GIVEN RECORDS
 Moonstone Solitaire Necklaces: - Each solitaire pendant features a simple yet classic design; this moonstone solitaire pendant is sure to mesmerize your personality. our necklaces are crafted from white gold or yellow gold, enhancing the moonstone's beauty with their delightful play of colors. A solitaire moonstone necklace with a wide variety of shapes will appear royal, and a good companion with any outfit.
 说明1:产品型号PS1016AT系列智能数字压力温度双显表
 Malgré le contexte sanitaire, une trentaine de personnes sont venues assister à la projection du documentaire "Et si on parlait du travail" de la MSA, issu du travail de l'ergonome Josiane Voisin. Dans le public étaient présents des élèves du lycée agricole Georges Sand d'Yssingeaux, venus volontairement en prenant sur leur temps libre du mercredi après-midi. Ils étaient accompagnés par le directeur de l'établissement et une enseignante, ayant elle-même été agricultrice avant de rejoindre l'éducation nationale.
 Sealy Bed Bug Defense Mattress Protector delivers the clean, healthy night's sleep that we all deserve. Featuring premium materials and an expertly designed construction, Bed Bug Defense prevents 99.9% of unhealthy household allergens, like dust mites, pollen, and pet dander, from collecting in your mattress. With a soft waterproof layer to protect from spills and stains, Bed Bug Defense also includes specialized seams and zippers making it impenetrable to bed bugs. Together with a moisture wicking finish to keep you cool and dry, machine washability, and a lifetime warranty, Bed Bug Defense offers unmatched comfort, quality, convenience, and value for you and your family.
* * *
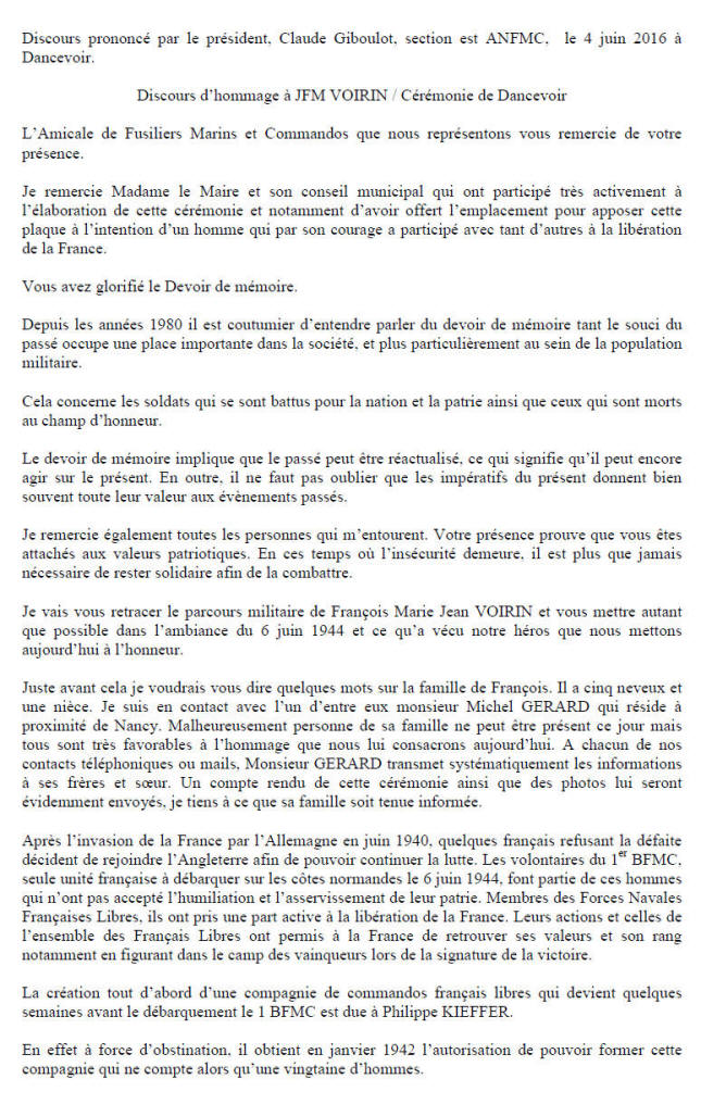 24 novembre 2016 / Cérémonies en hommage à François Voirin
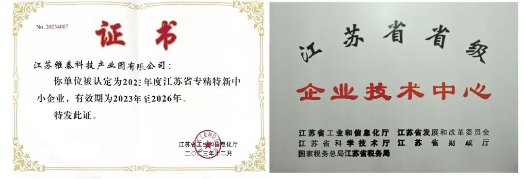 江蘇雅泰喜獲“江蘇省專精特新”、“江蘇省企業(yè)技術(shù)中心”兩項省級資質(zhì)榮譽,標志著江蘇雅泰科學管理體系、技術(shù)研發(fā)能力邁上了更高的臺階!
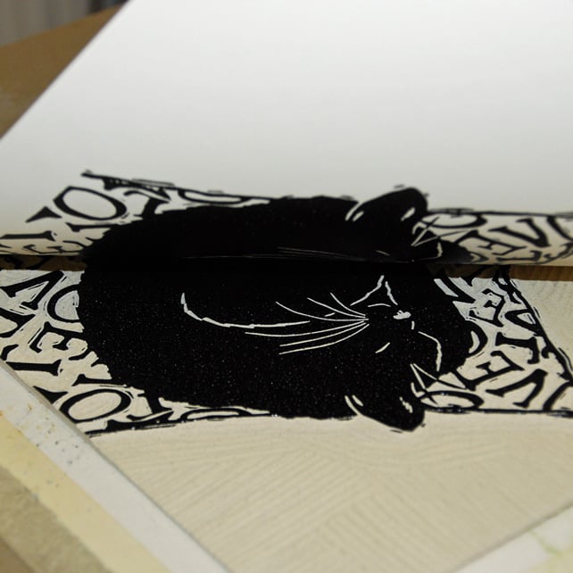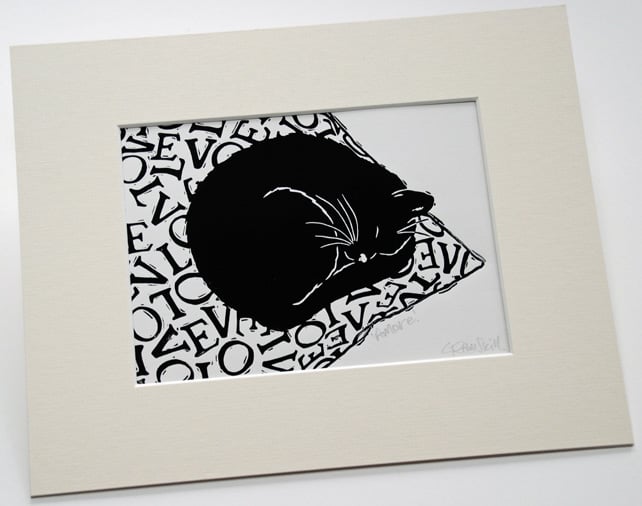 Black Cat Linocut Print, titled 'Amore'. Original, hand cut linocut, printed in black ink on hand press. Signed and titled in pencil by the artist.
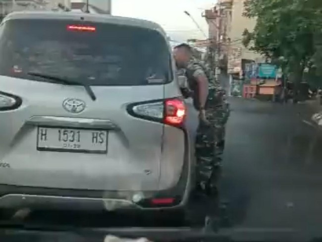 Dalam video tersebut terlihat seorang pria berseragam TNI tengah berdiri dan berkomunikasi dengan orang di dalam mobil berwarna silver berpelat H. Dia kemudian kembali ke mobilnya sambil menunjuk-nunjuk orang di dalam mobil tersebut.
* * *
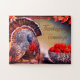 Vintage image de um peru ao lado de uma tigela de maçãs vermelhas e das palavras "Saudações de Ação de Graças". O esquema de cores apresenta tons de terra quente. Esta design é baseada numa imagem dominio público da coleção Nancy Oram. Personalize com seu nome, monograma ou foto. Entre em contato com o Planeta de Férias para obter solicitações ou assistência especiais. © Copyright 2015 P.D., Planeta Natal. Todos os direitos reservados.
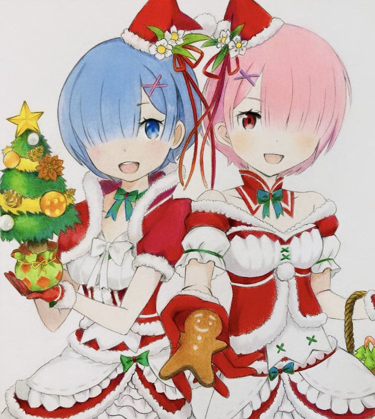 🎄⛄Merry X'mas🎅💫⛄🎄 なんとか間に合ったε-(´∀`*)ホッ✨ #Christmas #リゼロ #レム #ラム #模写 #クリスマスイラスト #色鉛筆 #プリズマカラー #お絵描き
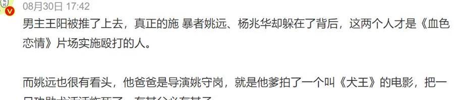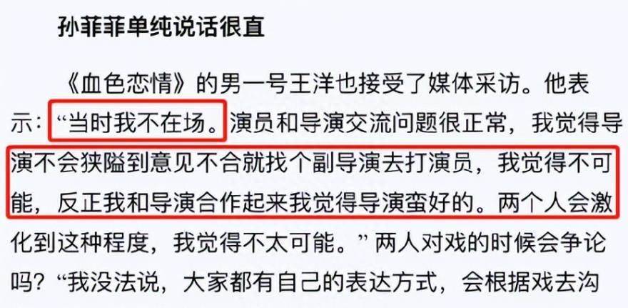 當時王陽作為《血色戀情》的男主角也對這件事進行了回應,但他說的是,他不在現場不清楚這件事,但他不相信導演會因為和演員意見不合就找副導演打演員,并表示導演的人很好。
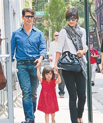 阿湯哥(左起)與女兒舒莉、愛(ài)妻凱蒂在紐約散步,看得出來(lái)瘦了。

EXERCISE
All that should appear in the answer is the lines above from the line with "當時王陽作為《血色戀情》的男" through the line with "阿湯哥(左起)與女兒舒莉、愛(ài)妻凱蒂在紐約散步,看得出來(lái)瘦了。", retyped exactly, pictures left out.

PROBLEM SOLUTION
 當時王陽作為《血色戀情》的男主角也對這件事進行了回應,但他說的是,他不在現場不清楚這件事,但他不相信導演會因為和演員意見不合就找副導演打演員,并表示導演的人很好。
 阿湯哥(左起)與女兒舒莉、愛(ài)妻凱蒂在紐約散步,看得出來(lái)瘦了。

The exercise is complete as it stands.